Troubleshooting Checklist
=========================
**Symptom:** Interface is in admin UP state and link partner is attached, but
no Ethernet link is detected.
**How to Detect:**
------------------
**Diagnostic Tools:** ``iproute2``, ``ethtool``
**Command:** ``ip link show dev t1l0``
**Command Output:**
.. code-block::
4: t1l0@...0: <NO-CARRIER,BROADCAST,MULTICAST,UP> mtu 1500 qdisc noqueue state LOWERLAYERDOWN mode DEFAULT group default qlen 1000
link/ether 88:14:2b:00:96:f2 brd ff:ff:ff:ff:ff:ff
**Command:** ``ethtool t1l0``
**Command Output:**
.. code-block::
Settings for t1l0:
Supported ports: [ ]
Supported link modes: 10baseT1L/Full
Supported pause frame use: No
Supports auto-negotiation: Yes
Supported FEC modes: Not reported
Advertised link modes: 10baseT1L/Full
Advertised pause frame use: No
Advertised auto-negotiation: Yes
Advertised FEC modes: Not reported
Speed: Unknown!
Duplex: Unknown! (255)
Auto-negotiation: on
master-slave cfg: preferred slave
master-slave status: unknown
Port: Twisted Pair
PHYAD: 6
Transceiver: external
MDI-X: Unknown
Supports Wake-on: d
Wake-on: d
Link detected: no <----
Possible Reasons:
-----------------
1. **Link Partner (LP) is not powered on**
- **Possibility:** High
- **Probability:** Medium
- **Description:** If LP is powered over PoDL or PoE, ensure that the PSE
(Power Source Equipment) is enabled and functioning properly, e.g., current
is within the consumption range of the link partner.

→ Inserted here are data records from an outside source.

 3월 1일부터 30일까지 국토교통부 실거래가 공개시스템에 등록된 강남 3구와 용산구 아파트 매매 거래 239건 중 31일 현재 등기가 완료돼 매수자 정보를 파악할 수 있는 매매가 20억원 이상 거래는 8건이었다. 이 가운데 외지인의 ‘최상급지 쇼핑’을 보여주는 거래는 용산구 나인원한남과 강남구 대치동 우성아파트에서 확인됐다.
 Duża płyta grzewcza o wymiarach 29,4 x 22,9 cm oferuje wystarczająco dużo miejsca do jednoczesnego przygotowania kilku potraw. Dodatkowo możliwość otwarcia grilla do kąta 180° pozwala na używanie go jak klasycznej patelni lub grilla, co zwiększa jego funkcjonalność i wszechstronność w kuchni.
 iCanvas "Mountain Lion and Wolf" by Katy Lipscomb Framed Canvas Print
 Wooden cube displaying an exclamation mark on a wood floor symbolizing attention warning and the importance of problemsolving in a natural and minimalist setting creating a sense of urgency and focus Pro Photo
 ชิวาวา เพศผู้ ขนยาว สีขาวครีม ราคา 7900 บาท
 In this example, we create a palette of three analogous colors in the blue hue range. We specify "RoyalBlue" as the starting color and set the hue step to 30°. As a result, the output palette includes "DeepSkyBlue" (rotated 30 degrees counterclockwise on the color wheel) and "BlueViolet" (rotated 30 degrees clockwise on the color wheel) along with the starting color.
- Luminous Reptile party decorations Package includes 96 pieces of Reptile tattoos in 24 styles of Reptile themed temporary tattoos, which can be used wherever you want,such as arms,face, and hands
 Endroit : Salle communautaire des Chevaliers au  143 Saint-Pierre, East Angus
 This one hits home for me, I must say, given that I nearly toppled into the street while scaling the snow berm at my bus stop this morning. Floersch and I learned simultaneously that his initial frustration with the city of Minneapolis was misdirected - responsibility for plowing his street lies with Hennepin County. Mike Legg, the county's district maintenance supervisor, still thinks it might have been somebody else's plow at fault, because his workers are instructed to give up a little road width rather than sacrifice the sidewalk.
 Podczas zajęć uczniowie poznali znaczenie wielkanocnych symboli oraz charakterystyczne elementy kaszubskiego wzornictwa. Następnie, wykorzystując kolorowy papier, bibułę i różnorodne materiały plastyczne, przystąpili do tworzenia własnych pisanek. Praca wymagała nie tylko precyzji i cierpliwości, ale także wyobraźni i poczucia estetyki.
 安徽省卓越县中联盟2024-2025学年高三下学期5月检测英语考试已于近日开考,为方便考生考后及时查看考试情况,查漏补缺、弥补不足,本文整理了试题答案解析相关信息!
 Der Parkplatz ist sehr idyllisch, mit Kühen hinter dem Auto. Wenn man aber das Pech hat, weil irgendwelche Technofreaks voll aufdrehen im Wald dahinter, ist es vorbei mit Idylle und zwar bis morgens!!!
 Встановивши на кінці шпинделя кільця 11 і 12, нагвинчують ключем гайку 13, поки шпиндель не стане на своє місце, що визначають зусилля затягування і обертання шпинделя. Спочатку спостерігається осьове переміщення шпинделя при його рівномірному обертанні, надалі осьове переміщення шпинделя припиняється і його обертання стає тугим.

- **Notes:** This can happen if the PSE is misconfigured, disabled, or if
there is an issue with the power supply. In some cases, the LP may not
request power correctly, leading to no power being delivered.
- **Diagnostic Tools:** ``ethtool``
- **Command:** ``ethtool --show-pse t1l1``
- **Command Output:**
.. code-block::
PSE attributes for t1l1:
PoDL PSE Admin State: enabled
PoDL PSE Power Detection Status: delivering power
- **Possible Limitations:** Not all PSE controllers provide current information.
- **Command:** ``ethtool --cable-test t1l1``
- **Command Output:**
.. code-block::
Cable test started for device t1l1.
Cable test completed for device t1l1.
Pair A, fault length: 25.00m
Pair A code Open Circuit
2. **Cable is damaged with a short between pairs**
- **Possibility:** Medium
- **Probability:** Medium
- **Description:** In case LP is powered over PoDL or PoE, the PSE controller
may disable power due to an overcurrent event.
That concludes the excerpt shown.